(SUPPLIED RECORDS)
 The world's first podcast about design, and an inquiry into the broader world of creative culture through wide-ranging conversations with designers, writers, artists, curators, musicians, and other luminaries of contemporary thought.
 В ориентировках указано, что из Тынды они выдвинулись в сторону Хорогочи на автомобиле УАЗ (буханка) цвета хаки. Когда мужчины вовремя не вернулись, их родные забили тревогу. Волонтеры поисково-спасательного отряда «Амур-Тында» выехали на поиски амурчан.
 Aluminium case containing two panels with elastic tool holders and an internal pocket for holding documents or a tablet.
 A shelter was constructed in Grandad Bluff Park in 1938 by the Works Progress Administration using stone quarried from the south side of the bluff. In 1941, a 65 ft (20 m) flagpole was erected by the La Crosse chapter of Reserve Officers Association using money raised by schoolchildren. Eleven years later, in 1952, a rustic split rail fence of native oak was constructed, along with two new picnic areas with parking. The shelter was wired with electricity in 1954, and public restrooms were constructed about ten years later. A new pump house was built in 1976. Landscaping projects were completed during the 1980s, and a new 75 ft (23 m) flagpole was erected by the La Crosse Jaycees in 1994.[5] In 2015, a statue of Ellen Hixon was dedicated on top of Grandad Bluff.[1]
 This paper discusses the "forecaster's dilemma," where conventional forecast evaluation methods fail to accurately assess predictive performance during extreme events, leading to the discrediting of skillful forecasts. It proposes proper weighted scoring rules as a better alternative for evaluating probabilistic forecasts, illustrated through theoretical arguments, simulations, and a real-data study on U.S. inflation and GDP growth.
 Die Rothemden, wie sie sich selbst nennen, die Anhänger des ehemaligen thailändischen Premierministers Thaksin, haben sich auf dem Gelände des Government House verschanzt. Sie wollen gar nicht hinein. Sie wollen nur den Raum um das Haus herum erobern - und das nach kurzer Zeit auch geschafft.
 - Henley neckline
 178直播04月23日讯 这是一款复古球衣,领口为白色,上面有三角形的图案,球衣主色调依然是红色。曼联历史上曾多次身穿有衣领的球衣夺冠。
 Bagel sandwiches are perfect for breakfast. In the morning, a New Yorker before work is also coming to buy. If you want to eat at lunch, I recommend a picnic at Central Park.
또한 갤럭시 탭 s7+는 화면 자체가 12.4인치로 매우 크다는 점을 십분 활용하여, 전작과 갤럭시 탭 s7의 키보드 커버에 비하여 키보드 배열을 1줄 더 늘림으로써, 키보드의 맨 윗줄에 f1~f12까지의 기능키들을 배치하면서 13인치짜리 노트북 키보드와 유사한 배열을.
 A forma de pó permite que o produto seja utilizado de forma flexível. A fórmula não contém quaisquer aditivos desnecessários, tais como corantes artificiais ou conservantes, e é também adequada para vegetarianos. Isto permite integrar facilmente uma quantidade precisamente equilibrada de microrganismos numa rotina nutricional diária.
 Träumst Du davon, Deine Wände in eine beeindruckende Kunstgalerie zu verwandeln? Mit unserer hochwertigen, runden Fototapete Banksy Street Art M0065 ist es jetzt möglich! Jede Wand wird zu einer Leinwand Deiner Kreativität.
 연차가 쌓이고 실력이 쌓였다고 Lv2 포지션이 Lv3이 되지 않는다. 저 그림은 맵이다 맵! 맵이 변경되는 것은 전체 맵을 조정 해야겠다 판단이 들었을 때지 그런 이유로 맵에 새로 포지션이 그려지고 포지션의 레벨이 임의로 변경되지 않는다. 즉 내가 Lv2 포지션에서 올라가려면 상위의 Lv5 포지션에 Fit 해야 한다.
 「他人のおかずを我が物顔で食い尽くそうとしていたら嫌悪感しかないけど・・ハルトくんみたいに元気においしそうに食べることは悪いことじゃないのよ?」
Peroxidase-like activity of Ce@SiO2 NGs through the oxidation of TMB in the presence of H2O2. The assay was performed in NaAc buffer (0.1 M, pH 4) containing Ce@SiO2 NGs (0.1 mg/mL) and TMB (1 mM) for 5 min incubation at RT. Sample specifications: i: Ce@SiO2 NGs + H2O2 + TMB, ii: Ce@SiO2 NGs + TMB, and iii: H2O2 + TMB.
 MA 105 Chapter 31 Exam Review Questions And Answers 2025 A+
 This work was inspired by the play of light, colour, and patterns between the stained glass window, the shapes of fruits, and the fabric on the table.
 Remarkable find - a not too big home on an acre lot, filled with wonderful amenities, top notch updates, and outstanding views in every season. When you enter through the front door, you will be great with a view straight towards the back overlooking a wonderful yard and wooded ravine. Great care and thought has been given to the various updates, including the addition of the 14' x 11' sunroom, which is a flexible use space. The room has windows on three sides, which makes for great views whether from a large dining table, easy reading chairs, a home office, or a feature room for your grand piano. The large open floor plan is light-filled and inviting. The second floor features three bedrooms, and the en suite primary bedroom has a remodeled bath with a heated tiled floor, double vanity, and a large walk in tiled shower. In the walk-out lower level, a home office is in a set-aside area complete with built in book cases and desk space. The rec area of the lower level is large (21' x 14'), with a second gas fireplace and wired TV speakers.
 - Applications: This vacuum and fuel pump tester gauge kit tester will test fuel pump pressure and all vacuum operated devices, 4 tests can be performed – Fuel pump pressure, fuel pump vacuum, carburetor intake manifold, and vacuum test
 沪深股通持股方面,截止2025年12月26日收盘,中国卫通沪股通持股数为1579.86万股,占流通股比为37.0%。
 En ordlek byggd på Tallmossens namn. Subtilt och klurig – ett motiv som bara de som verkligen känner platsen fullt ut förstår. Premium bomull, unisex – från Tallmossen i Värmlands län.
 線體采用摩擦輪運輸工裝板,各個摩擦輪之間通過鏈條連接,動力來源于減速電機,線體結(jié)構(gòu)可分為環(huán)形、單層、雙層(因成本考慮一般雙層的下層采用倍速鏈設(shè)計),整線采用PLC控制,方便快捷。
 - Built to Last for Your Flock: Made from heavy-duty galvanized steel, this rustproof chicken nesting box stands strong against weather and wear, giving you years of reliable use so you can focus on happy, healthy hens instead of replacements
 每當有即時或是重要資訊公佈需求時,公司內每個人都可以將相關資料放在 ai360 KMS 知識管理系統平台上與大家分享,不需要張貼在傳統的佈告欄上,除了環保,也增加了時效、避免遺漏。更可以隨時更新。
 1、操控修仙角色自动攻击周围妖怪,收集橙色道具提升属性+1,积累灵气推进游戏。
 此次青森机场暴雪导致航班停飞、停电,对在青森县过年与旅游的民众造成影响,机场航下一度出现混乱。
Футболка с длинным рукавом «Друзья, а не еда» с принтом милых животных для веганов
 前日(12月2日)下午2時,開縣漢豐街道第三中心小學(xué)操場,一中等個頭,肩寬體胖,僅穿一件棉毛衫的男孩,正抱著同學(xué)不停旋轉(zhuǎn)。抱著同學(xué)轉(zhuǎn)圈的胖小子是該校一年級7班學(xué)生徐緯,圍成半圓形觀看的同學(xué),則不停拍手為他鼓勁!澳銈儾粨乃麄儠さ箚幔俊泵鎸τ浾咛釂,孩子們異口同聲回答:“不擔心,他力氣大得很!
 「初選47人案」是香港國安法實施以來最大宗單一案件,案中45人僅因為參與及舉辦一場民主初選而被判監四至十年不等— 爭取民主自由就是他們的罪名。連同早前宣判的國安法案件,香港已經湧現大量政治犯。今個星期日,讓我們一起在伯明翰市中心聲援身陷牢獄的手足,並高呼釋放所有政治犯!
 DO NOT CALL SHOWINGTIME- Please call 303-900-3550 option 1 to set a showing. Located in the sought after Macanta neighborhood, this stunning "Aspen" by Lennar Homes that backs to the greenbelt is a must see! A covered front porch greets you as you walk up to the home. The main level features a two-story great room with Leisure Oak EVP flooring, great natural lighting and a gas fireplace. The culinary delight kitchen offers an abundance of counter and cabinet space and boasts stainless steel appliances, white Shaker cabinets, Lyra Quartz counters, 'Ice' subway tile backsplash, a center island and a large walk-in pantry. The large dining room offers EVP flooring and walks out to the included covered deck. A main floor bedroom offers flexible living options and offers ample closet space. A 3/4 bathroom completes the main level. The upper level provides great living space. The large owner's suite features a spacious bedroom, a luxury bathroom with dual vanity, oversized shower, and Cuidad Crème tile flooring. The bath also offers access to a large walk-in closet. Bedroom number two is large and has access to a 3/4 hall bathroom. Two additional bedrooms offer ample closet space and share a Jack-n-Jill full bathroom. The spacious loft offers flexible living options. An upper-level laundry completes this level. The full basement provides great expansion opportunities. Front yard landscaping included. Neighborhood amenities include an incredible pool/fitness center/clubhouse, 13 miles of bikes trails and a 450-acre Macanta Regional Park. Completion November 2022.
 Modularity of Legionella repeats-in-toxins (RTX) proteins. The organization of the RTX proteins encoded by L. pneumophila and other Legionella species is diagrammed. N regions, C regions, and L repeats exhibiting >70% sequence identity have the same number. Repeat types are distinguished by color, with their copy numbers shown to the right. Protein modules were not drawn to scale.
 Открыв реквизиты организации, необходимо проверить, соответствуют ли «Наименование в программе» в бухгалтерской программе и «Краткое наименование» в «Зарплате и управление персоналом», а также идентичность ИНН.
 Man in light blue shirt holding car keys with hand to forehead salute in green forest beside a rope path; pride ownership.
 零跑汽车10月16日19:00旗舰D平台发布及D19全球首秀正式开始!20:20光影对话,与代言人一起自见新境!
(End SUPPLIED RECORDS)
THE TASK:
Copy exactly the lines that run from the first line of the data to the line containing "В ориентировках указано, что", please, with both ends included and nothing else.

PROBLEM SOLUTION:
 The world's first podcast about design, and an inquiry into the broader world of creative culture through wide-ranging conversations with designers, writers, artists, curators, musicians, and other luminaries of contemporary thought.
 В ориентировках указано, что из Тынды они выдвинулись в сторону Хорогочи на автомобиле УАЗ (буханка) цвета хаки. Когда мужчины вовремя не вернулись, их родные забили тревогу. Волонтеры поисково-спасательного отряда «Амур-Тында» выехали на поиски амурчан.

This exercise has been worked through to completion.